=== Begin Enclosure ===
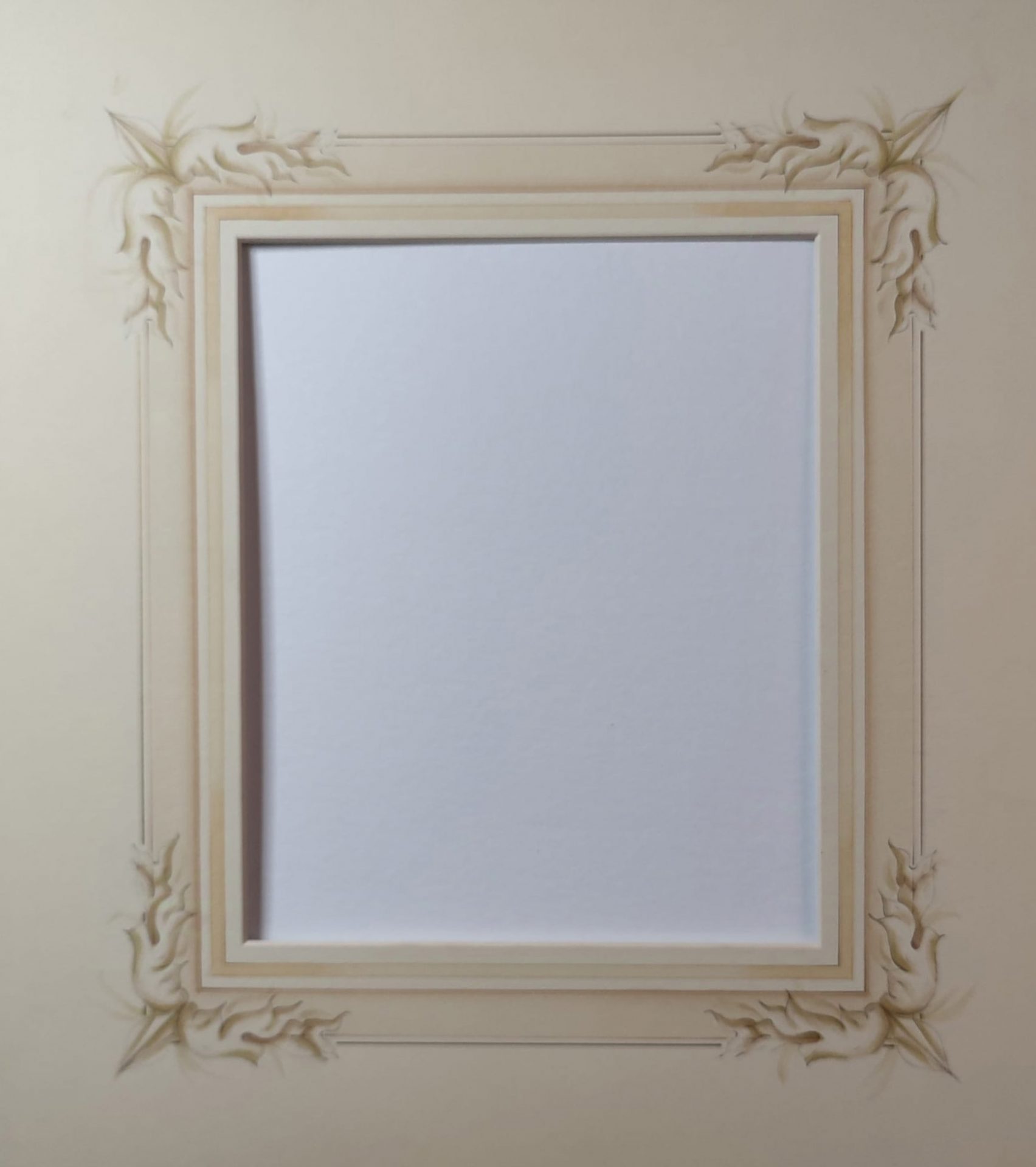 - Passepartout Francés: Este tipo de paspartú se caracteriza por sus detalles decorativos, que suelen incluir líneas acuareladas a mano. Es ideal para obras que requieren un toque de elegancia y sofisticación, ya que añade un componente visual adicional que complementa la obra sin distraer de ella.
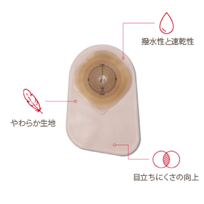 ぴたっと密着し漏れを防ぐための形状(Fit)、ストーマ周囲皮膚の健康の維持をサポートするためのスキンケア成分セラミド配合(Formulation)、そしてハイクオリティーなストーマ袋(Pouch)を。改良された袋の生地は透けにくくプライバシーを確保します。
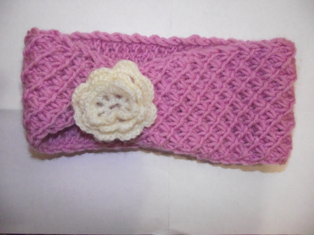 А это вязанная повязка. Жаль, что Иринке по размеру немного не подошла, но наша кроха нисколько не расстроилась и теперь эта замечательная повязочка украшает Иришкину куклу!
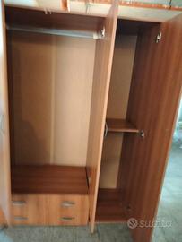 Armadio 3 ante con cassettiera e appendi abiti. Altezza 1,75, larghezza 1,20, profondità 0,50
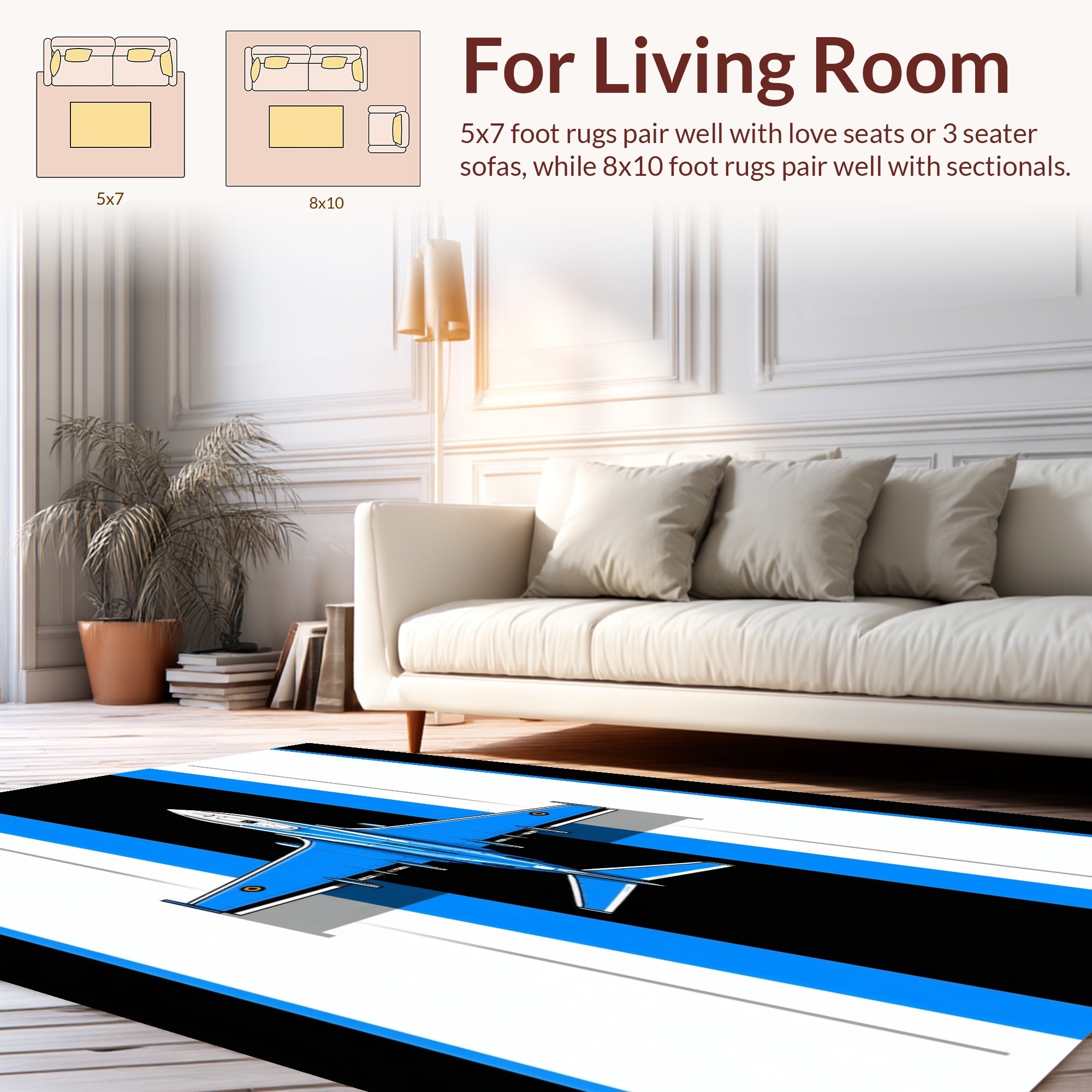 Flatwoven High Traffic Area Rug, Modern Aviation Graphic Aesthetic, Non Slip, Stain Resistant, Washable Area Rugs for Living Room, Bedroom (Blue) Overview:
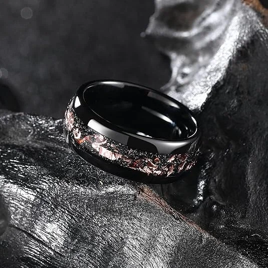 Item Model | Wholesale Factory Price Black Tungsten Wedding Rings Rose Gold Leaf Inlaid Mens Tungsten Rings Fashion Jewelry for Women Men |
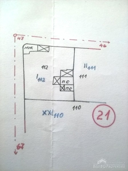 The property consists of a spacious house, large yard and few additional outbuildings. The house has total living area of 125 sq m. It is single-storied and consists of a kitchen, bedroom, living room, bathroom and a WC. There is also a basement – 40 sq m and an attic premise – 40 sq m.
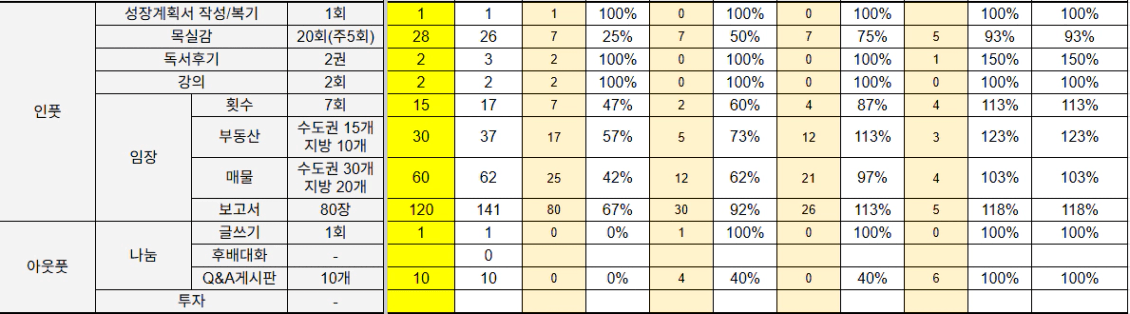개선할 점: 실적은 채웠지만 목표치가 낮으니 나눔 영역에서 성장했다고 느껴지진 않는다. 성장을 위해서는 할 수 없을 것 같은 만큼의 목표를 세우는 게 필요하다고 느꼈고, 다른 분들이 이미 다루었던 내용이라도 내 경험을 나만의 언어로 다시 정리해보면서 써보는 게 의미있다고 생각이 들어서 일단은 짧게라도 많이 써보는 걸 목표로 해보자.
=== End Enclosure ===
• EXERCISE AIM:
Could you write out exactly the lines of the data above that run from the one holding "Flatwoven High Traffic" to the one holding "Item Model |", with both ends in and all pictures out?

• ANSWER TO THE EXERCISE:
 Flatwoven High Traffic Area Rug, Modern Aviation Graphic Aesthetic, Non Slip, Stain Resistant, Washable Area Rugs for Living Room, Bedroom (Blue) Overview:
 Item Model | Wholesale Factory Price Black Tungsten Wedding Rings Rose Gold Leaf Inlaid Mens Tungsten Rings Fashion Jewelry for Women Men |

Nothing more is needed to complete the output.